An alternative location for persistent storage is in SharedPreferences, but a better place is in a SQLite DB so you can add extra metadata to the Parcelable to track things like expiration time, etc. We can do this using the Arch Components’ Room DB. First, lets create a Room table:
@Entity(tableName = "parcelized_data")
class Parcelized internal constructor(
@field:ColumnInfo(name = "id")
@field:PrimaryKey
val id: String, @field:ColumnInfo(name = "creationTimestamp")
val creationDateTime: Long, @field:ColumnInfo(name = "expiresTimestamp")
val expiresDateTime: Long?, @field:ColumnInfo(name = "data", typeAffinity = ColumnInfo.BLOB)

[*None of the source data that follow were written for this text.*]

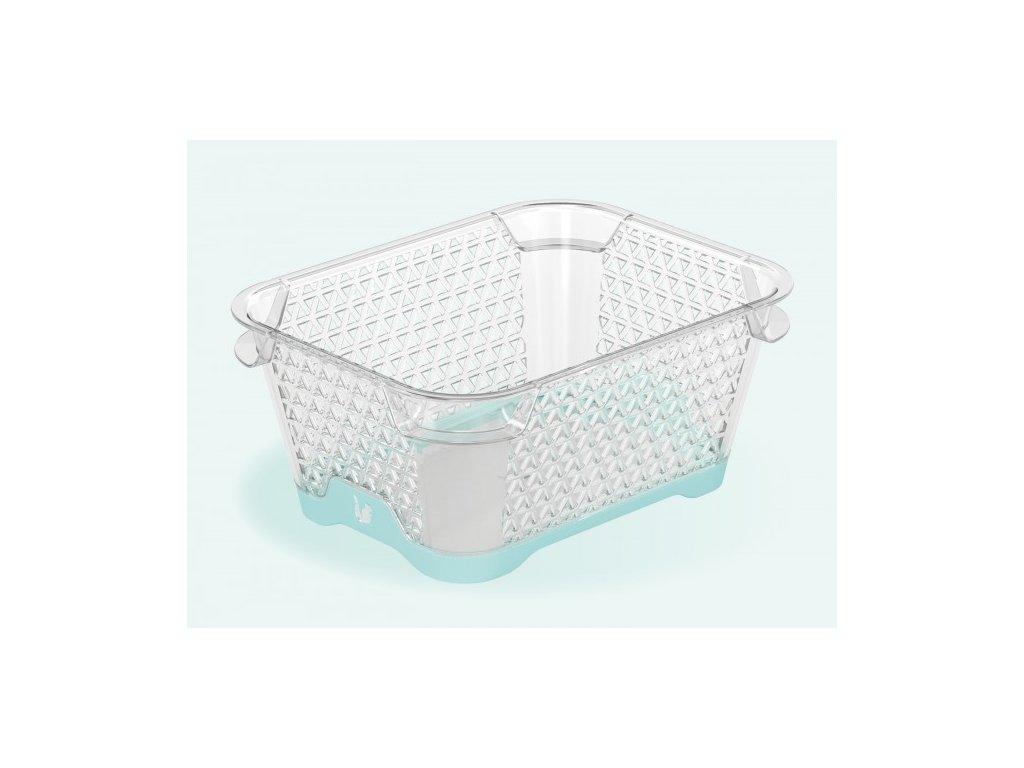 Protiskluzové modré dno zabraňuje nežádoucímu pohybu košíku. Košík má moderní design, plné dno a boční strany mřížkované, vzdušné. Vhodné pro uskladnění pevných potravin, na servírování pečiva, na ovoce, zeleninu, nebo na drobné věci v domácnosti. Vejdou se i do šuplíků. Košíky je možné skládat přímo do sebe a při uskladnění pro další použití vám zaberou jen málo místa.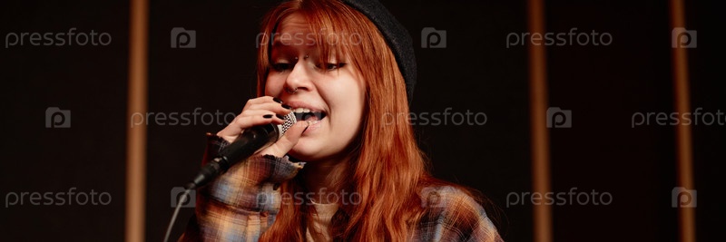 Header Image of Teenage Girl Singing Song into Mic Выступая в студии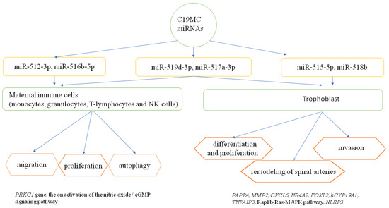 Chaiwangyen et al. indicated the importance of miR-519d-3p in the formation of immune tolerance in pregnancy by influencing the proliferation and migration of maternal immune cells (monocytes, granulocytes, T-lymphocytes and NK cells) [87]. However, it should be emphasized that humoral factors and miRNAs contained in exosomes also affect the maternal vascular endothelium, stimulating it to release cytokines and activating neutrophil adhesion, and as a result, inducing a systemic inflammatory response characteristic of advanced PE [43]. In addition, Delorme Axford et al. clearly indicated that C19MC miRNAs (miR517-3p, miR-512-3p, or 516b-5p) can increase the resistance of maternal cells at the fetal–mother interface to viral infection, by induction of autophagy [88,89]. Moreover, miR-517a-3p was found to influence the activation of maternal T-lymphocyte and NK cell proliferation, and via the PRKG1 gene, the on activation of the nitric oxide/cGMP signaling pathway [89].

val data: ByteArray)The expiration time stamp gives us a way to purge old data from the DB. The data column lets us store a binary blob (SharedPreferences can only support strings so this saves us a little space compared to using SharedPreferences. Saving creation time is good practice for any table so you can easily see when something was written to a DB. Finally, the ID is how you would reference this object and is used for the primary key so you can’t have duplicate IDs.

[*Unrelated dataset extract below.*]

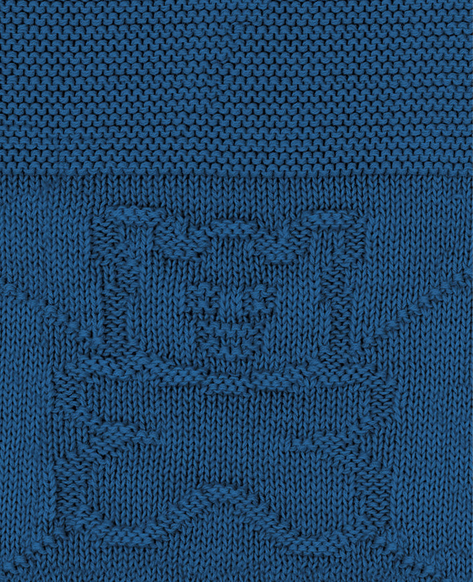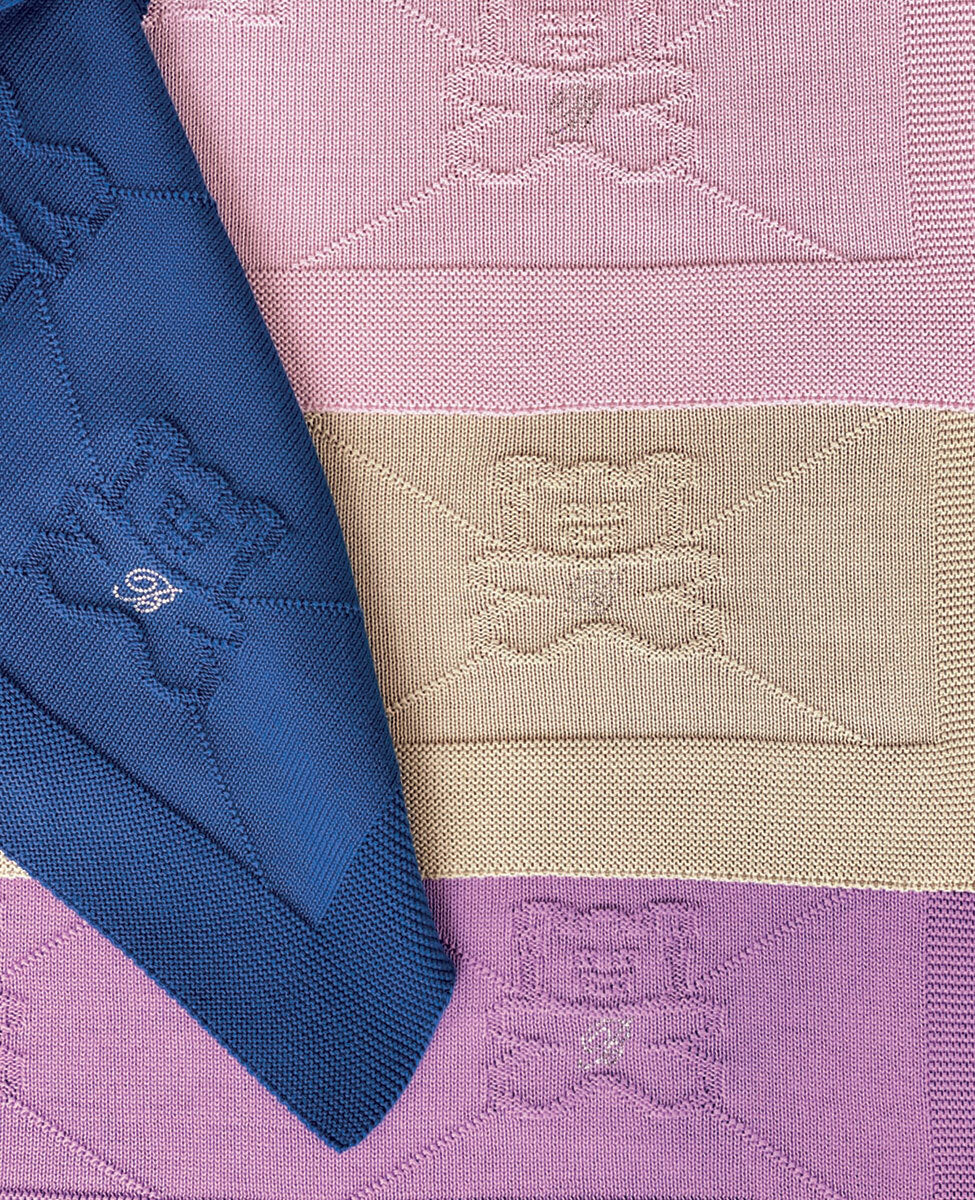 - Copertina per culla e carrozzina con disegno in jacquard e logo in cristalli.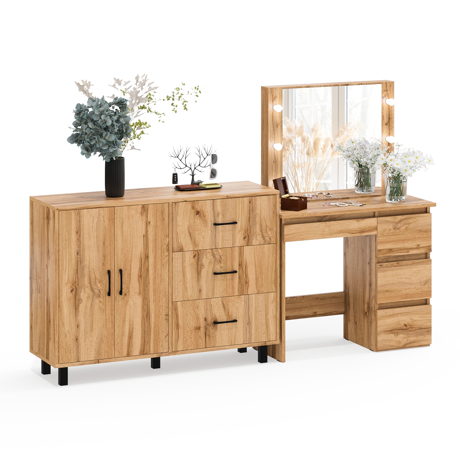 Комод-тумба 123-1204 и столик косметический с подсветкой и зеркалом Сура — стильный комплект для вашей спальни. Вместительный комод и удобный столик с зеркалом и подсветкой создают комфортное пространство для хранения и ухода за собой.

Next we’ll create an API to access this table using Room’s DAO support. As you can see, it’s fairly simple to add CRUD support (deletion of multiple objects is done in a transaction for best practice as well, but is not strictly needed in this case), including support for the expiration date:
@Dao
interface ParcelizedDao {
@Insert(onConflict = OnConflictStrategy.REPLACE)
fun saveParcelized(parcelized: Parcelized)
@Query("SELECT * FROM parcelized_data WHERE id = :id")
fun getParcelized(id: String): Parcelized
@Transaction
@Query("DELETE FROM parcelized_data WHERE (expiresTimestamp IS NOT NULL) AND (expiresTimestamp < :nowUtcMillis)")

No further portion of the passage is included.